» What to produce
Only the lines from the one with "アンティーク風デザインに、モ" through the end of the data below belong in the answer, restated word for word, pictures excluded.

» Records supplied
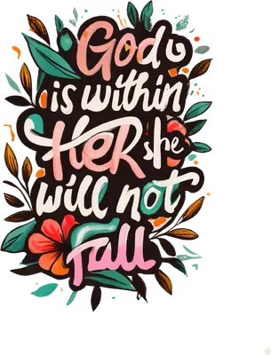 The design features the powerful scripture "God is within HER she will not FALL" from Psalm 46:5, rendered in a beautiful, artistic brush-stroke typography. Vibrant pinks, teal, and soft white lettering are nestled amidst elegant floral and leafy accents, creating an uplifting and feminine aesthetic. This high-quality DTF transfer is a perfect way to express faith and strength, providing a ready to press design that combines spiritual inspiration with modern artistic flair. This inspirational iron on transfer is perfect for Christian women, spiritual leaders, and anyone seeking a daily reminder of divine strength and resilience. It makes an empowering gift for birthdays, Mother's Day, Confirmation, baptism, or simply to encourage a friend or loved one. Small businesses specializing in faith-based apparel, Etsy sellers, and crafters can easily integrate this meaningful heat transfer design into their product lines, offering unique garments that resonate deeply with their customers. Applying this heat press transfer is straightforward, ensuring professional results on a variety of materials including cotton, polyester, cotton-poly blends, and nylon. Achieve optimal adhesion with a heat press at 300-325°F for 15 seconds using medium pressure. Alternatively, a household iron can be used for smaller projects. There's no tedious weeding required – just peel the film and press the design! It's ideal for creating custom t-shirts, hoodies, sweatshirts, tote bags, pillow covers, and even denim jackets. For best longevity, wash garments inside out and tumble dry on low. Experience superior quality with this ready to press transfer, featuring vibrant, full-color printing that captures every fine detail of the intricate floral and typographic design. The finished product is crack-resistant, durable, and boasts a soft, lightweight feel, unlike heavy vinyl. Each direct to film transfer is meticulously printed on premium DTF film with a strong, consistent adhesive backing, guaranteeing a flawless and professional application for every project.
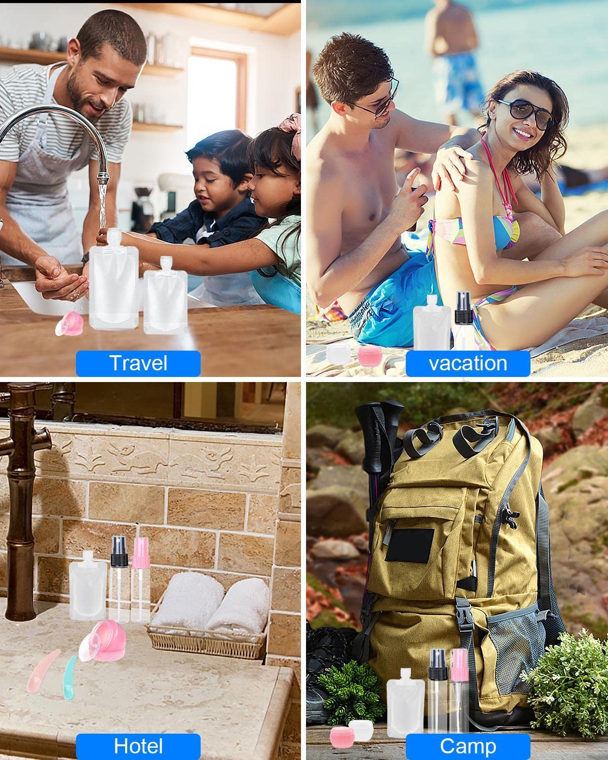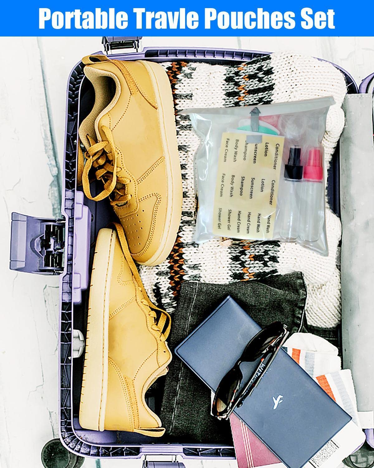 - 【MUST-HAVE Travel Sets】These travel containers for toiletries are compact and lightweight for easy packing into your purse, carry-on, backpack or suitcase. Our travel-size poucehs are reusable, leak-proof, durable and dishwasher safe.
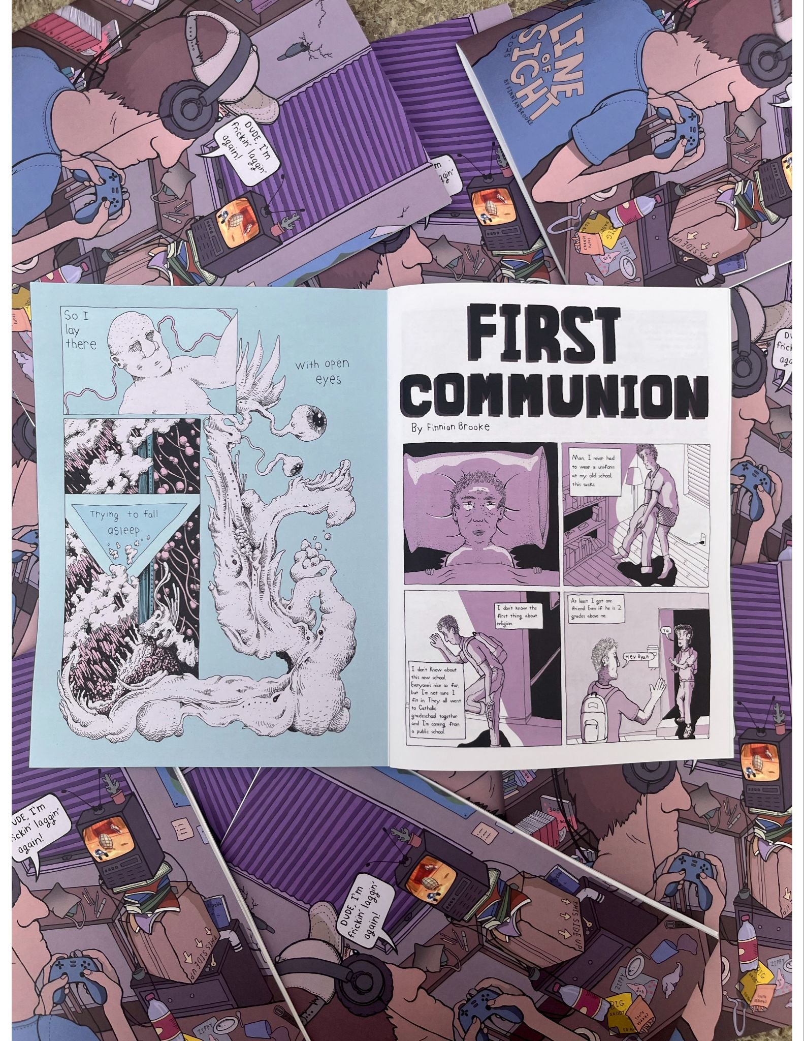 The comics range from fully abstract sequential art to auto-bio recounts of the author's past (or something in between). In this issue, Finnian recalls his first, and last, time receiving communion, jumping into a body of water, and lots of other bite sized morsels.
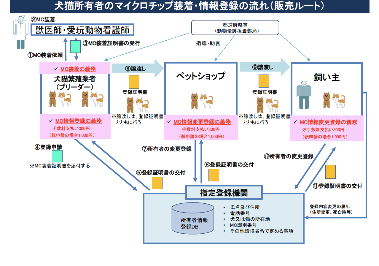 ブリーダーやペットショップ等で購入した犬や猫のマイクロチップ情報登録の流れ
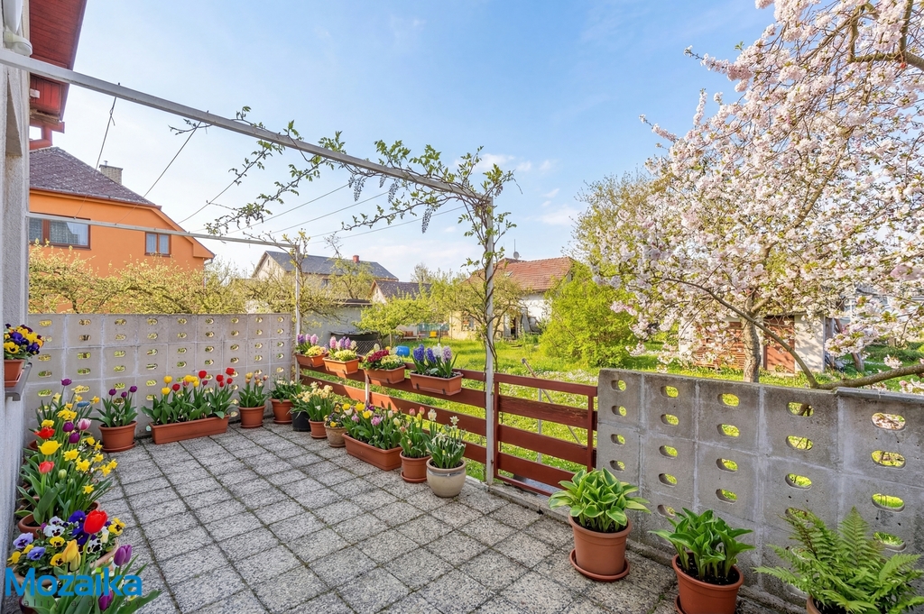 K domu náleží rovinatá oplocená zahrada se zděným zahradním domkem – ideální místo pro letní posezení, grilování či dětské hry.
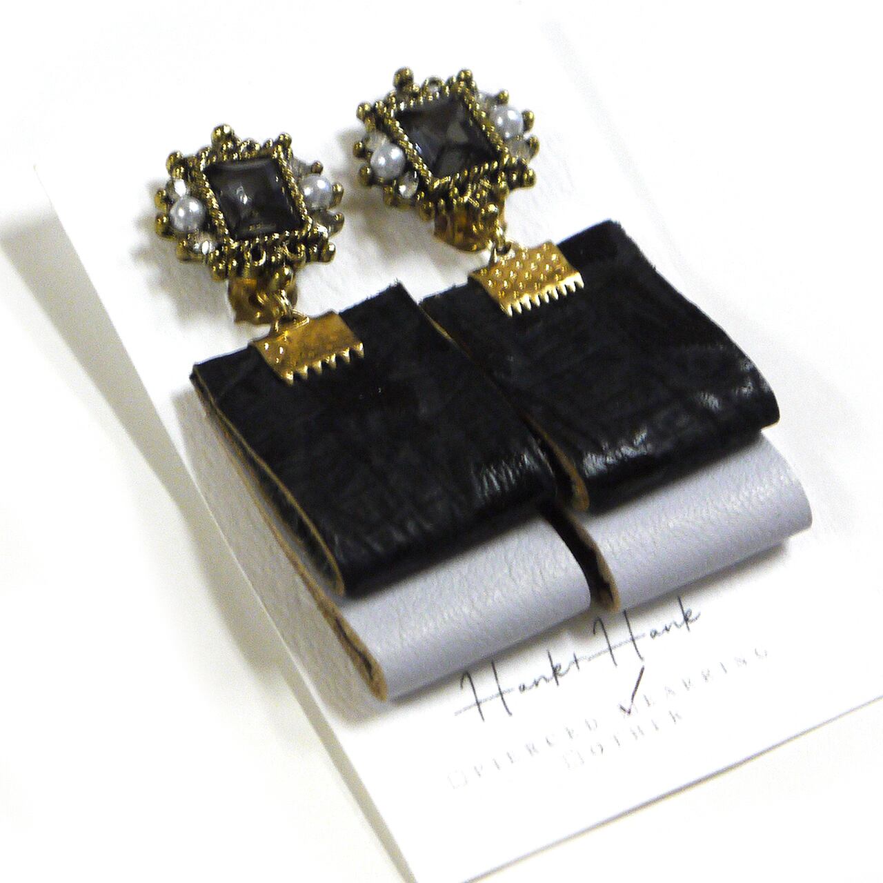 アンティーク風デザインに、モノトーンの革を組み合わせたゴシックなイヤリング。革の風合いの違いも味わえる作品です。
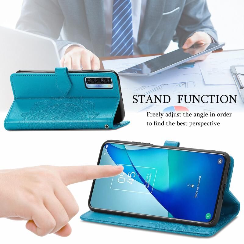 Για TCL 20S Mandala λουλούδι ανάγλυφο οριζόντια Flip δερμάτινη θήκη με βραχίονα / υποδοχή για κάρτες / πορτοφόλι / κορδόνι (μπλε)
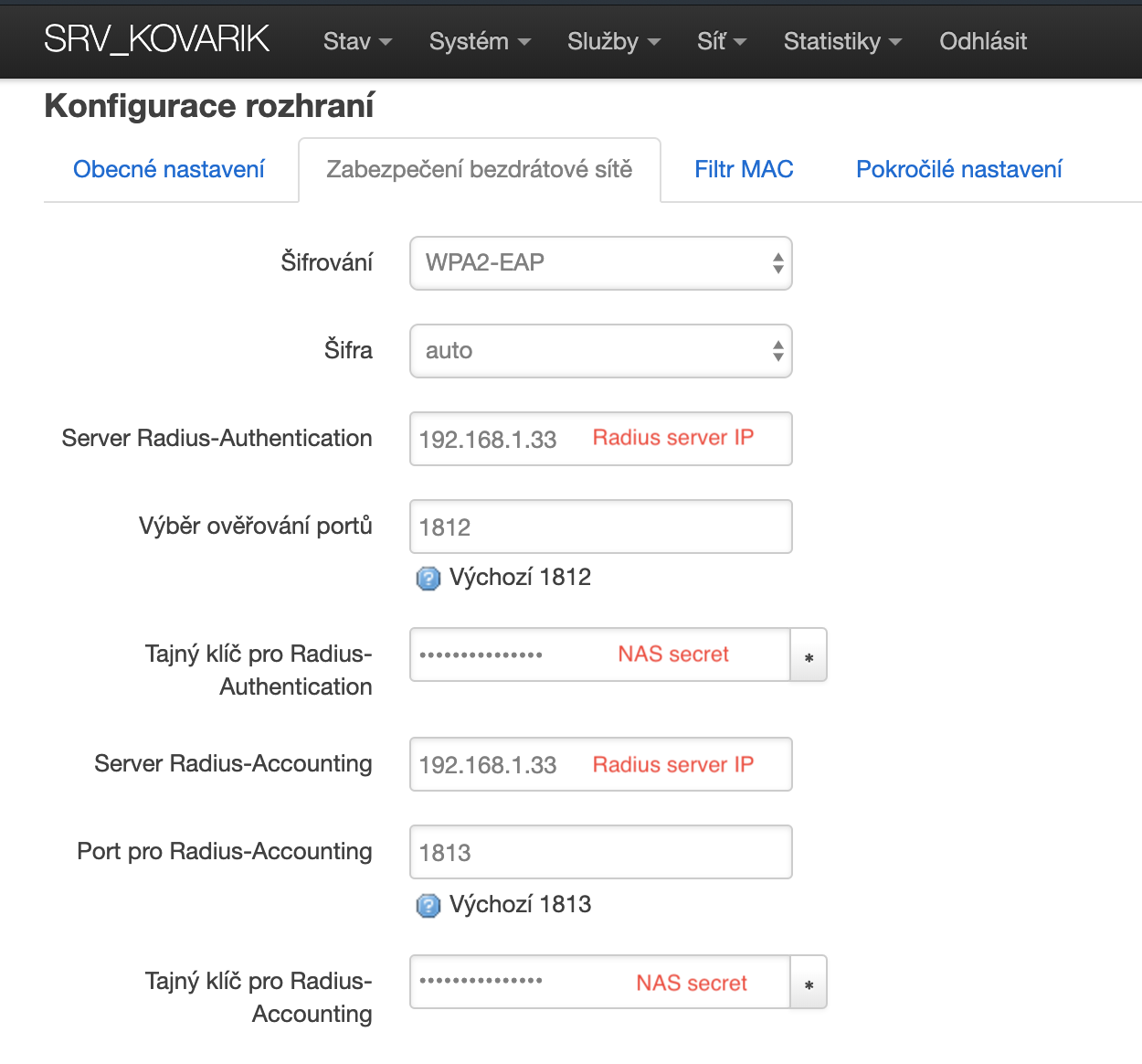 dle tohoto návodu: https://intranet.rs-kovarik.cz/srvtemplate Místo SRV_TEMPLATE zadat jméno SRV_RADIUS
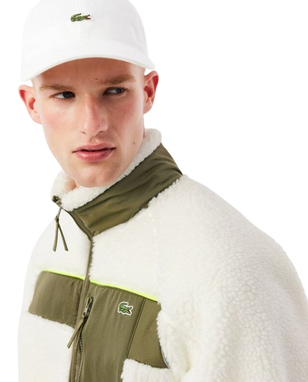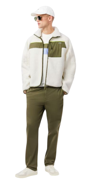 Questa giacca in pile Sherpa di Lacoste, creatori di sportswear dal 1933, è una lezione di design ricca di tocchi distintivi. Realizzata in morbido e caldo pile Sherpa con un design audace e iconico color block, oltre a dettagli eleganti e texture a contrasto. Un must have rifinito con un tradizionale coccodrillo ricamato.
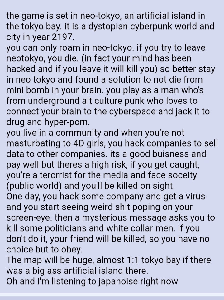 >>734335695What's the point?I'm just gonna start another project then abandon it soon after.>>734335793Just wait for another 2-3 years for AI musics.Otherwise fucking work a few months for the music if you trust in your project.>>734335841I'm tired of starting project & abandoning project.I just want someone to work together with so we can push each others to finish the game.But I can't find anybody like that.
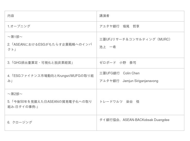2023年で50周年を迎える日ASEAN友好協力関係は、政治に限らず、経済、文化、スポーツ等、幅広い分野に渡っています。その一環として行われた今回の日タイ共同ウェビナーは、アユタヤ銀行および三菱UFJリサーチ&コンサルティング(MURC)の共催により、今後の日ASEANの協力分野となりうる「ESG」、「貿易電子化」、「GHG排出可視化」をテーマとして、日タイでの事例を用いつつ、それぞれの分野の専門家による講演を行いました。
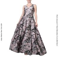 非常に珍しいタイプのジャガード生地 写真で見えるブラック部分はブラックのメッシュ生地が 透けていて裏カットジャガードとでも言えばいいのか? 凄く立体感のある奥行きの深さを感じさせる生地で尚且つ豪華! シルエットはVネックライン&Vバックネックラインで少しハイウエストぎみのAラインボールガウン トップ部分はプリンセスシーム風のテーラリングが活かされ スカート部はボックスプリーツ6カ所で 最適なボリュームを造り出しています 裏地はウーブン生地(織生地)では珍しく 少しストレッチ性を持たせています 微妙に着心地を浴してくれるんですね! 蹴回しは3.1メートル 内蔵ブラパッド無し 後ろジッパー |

» Answer to this problem
 アンティーク風デザインに、モノトーンの革を組み合わせたゴシックなイヤリング。革の風合いの違いも味わえる作品です。
 Για TCL 20S Mandala λουλούδι ανάγλυφο οριζόντια Flip δερμάτινη θήκη με βραχίονα / υποδοχή για κάρτες / πορτοφόλι / κορδόνι (μπλε)
 dle tohoto návodu: https://intranet.rs-kovarik.cz/srvtemplate Místo SRV_TEMPLATE zadat jméno SRV_RADIUS
 Questa giacca in pile Sherpa di Lacoste, creatori di sportswear dal 1933, è una lezione di design ricca di tocchi distintivi. Realizzata in morbido e caldo pile Sherpa con un design audace e iconico color block, oltre a dettagli eleganti e texture a contrasto. Un must have rifinito con un tradizionale coccodrillo ricamato.
 >>734335695What's the point?I'm just gonna start another project then abandon it soon after.>>734335793Just wait for another 2-3 years for AI musics.Otherwise fucking work a few months for the music if you trust in your project.>>734335841I'm tired of starting project & abandoning project.I just want someone to work together with so we can push each others to finish the game.But I can't find anybody like that.
2023年で50周年を迎える日ASEAN友好協力関係は、政治に限らず、経済、文化、スポーツ等、幅広い分野に渡っています。その一環として行われた今回の日タイ共同ウェビナーは、アユタヤ銀行および三菱UFJリサーチ&コンサルティング(MURC)の共催により、今後の日ASEANの協力分野となりうる「ESG」、「貿易電子化」、「GHG排出可視化」をテーマとして、日タイでの事例を用いつつ、それぞれの分野の専門家による講演を行いました。
 非常に珍しいタイプのジャガード生地 写真で見えるブラック部分はブラックのメッシュ生地が 透けていて裏カットジャガードとでも言えばいいのか? 凄く立体感のある奥行きの深さを感じさせる生地で尚且つ豪華! シルエットはVネックライン&Vバックネックラインで少しハイウエストぎみのAラインボールガウン トップ部分はプリンセスシーム風のテーラリングが活かされ スカート部はボックスプリーツ6カ所で 最適なボリュームを造り出しています 裏地はウーブン生地(織生地)では珍しく 少しストレッチ性を持たせています 微妙に着心地を浴してくれるんですね! 蹴回しは3.1メートル 内蔵ブラパッド無し 後ろジッパー |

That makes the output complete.